Some Interesting Facts

  • The Mandrill is often mistaken for an ape due to its size (1-3 ft). However, it is actually an Old World monkey.
  • Monkeys can weigh anywhere between three ounces to over a hundred pounds.
  • They are observed to display a definite preference for peeled bananas and do not eat the fruit with the skin on!
  • They are known to carry tuberculosis, simian herpes B, and hepatitis infections.
  • Squirrel monkeys, natives of South America, grow to a length of not more than ten inches.
  • The Owl monkey is the only extant nocturnal monkey.
  • In Southeast Asia and Africa, monkey brains are eaten as a delicacy. The animals are also sold as 'bushmeat'.
  • There were twenty-one monkey species listed as 'critically endangered' on the Red List of Threatened and Endangered Species, issued in 2007.
  • A group of monkeys is referred to as a 'troop' or 'mission'. Monkey troops are known to have several hundred monkeys in them.
  • In Chinese astrology, the animal represents the ninth of the twelve-year cycle. The next monkey-dominated Chinese zodiac will be recognized in 2016.
  • Research reveals that Old World monkeys are a common sight across Asia, Africa, and Europe, while New World monkeys are seen in North and South America.
  • Not all of them are arboreal (living in trees). They also display diversity in diet, which basically comprises different preference levels for eggs, small animals and insects, fruit, leaves, and seeds.
  • Their sizes are as diverse as 5-6 inches of the Pygmy Marmoset, to nearly 3 feet of the male Mandrill. The Baboon is the largest, while the Marmoset is the smallest extant monkey.

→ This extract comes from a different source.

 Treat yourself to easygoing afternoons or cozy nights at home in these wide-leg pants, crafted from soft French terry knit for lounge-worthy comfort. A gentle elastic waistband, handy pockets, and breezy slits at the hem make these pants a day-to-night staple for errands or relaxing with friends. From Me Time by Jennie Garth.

  • New World monkeys are characterized by prehensile tails, while their Old World counterparts have no visible tail at all. Old World monkeys have 32 teeth, four less than New World monkeys.
  • The name monkey is believed to have originated from the German version of the fable, Reynard the Fox. The basic identification was with the character Moneke, the son of Martin the Ape!

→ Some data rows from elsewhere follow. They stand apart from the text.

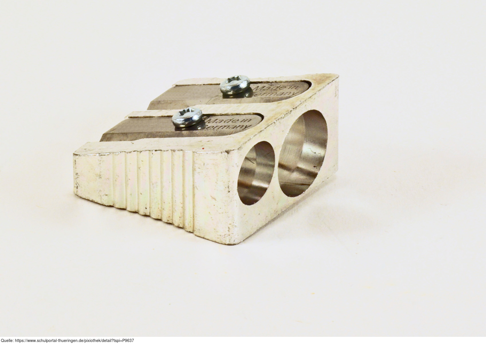 Das Foto gehört zur Serie "Schreibwaren". Es zeigt einen Stiftspitzer, auch Anspitzer oder kurz Spitzer genannt. Das Bild ist unter CC0 lizenziert und kann somit frei verwendet werden.
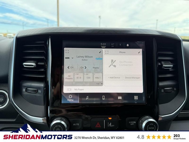 Step into the future of driving with the 2026 Ram 1500 Big Horn, a masterpiece of engineering and comfort, designed to elevate every journey. This powerhouse boasts a robust 6-cylinder, 3.0L engine paired with a highly capable 4WD system, ensuring you can tackle any terrain with confidence and ease. Whether you're navigating city streets or exploring off-the-beaten paths, this truck delivers exceptional performance and reliability. Inside, the Ram 1500 Big Horn offers a cabin that seamlessly blends functionality and luxury. Stay connected with the latest technology, featuring Android Auto and Apple CarPlay for effortless smartphone integration, while XM Radio keeps your soundtrack fresh and diverse. The Hands Free Bluetooth connectivity ensures you can make calls safely and conveniently, keeping your focus on the road. Experience ultimate comfort with the heated steering wheel, perfect for those chilly mornings or late-night adventures. The interior is thoughtfully designed with premium materials and intuitive controls, providing a spacious and inviting atmosphere for both driver and passengers alike. This Ram 1500 Big Horn isn't just a truck; it's a statement of strength and sophistication. Whether for work or play, it combines rugged capability with modern amenities, making every drive an unforgettable experience. Don't miss the chance to own this exceptional vehicle that redefines what a truck can be.
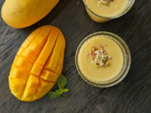 Garnish with mango cubes,dry nuts and refrigerate until chilled.
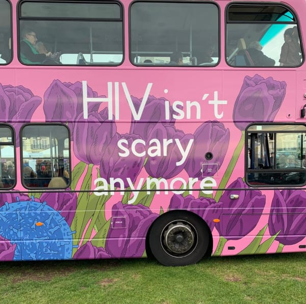 The bus is covered with purple Queen of the Night tulips, Martin’s favourite flower, while panels inside the bus give people the facts around HIV and aim to reduce the stigma and misinformation around the virus. They also talk about Martin’s life and work and recent advances in HIV treatment.
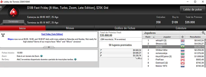 Já no Bounty Builder $109 com 991 participantes, JeF Dosso também saiu na segunda colocação e embolsou $7,246. Este torneio distribuiu um prize pool de $99,100.
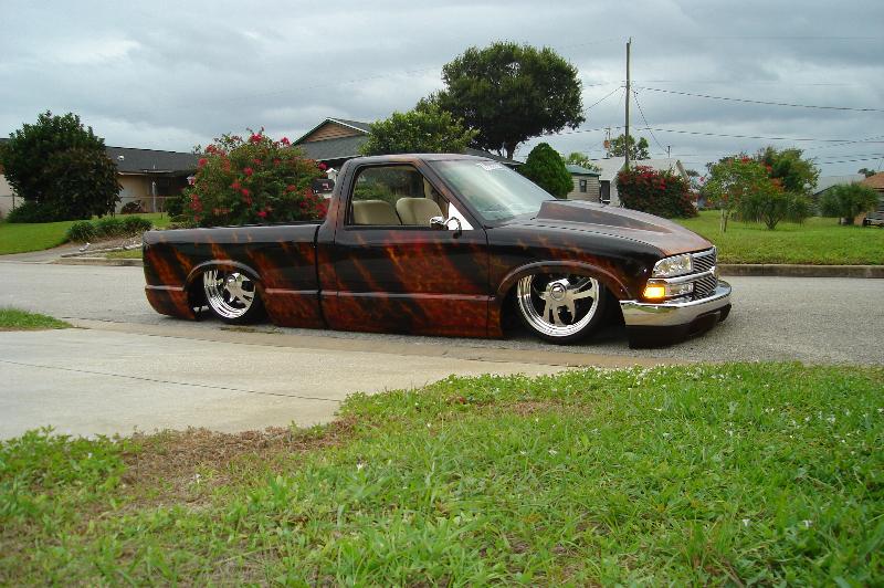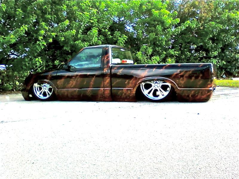4' bodydrop, 4' custom cowl hood. Paint job done by John Burrough at Unique Auto Body in Melbourne Florida. Pinstriping done by Mikey.

  • Howler monkeys are recognized as the loudest land animals in the world. These creatures howl loudly at dawn and dusk every single day, a noise that can be heard for up to three miles and further away.
  • NASA flew a Rhesus macaque named Sam to a height of 55 miles, in 1959. But 10 years earlier, Albert II - another Rhesus Monkey, became the first monkey in space aboard the V-2 rocket, in 1949.
  • The Rhesus Macaque and Green are a common sight at animal testing facilities around the world. These animals are captured and purpose-bred due to faster reproductive cycle and physical and psychological similarity to humans.
In world religions, these creatures earn reverence and honor as Sun Wukong - the 'Monkey King' in Chinese mythology, Hanuman - a divine entity in Hinduism, and Mind Monkey - a metaphor to highlight the restless human mind in Buddhism. They are hunted to serve as pets, model laboratory specimens, and as aids for the disabled.
Capuchin monkeys are domesticated to serve as helpers. They are taught to assist quadriplegics and people suffering from spinal cord injuries. Domestic antics caught on camera include heating food in the microwave and opening drink bottles.